● **Task goal**
Each line of the material must be repeated precisely, with the pictures left out.
(Dataset extract Opens)
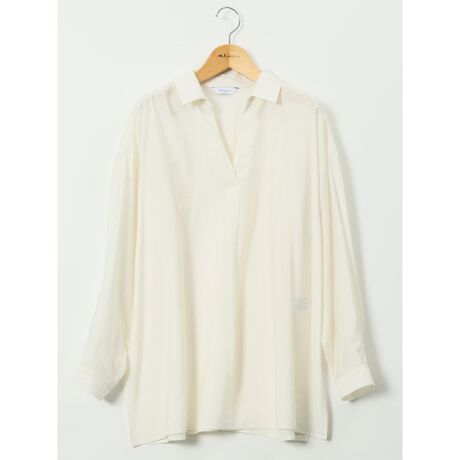 シアー素材で涼し気な雰囲気に仕立てた、プルオーバータイプのシャツチュニックです。すっきりとしたスキッパーカラー、肩を落としたドロップショルダー、タックを入れた袖口のカフス、裾部分のサイドスリットがポイントになっています。
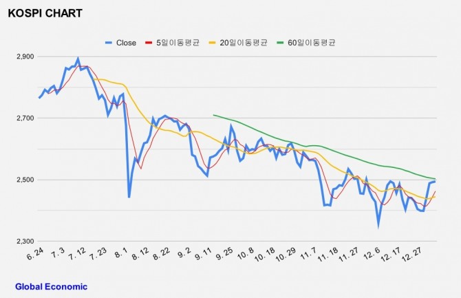 이미지 확대보기이날 한국거래소에 따르면, 오전 9시 11분 현재 코스피는 전 거래일 보다 0.09%(2.28포인트) 오른 2494.38을 기록하고 있다.
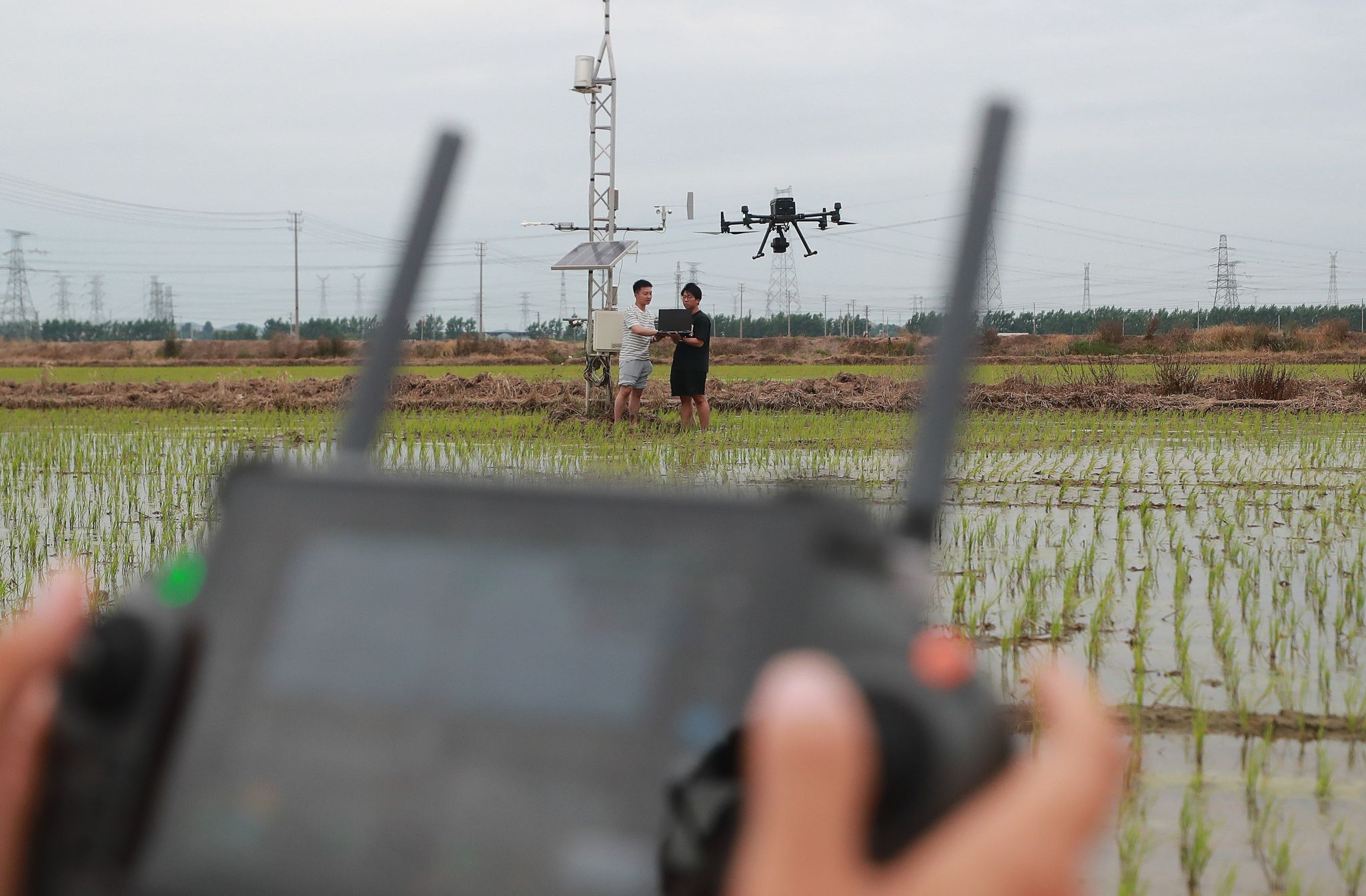 在江苏镇江新区永兴农机机械化专业合作社,完美官方端入口农业工程学院师生利用低空无人机采集大田信息。
(Dataset extract Closes)
● **Answer**
 シアー素材で涼し気な雰囲気に仕立てた、プルオーバータイプのシャツチュニックです。すっきりとしたスキッパーカラー、肩を落としたドロップショルダー、タックを入れた袖口のカフス、裾部分のサイドスリットがポイントになっています。
 이미지 확대보기이날 한국거래소에 따르면, 오전 9시 11분 현재 코스피는 전 거래일 보다 0.09%(2.28포인트) 오른 2494.38을 기록하고 있다.
 在江苏镇江新区永兴农机机械化专业合作社,完美官方端入口农业工程学院师生利用低空无人机采集大田信息。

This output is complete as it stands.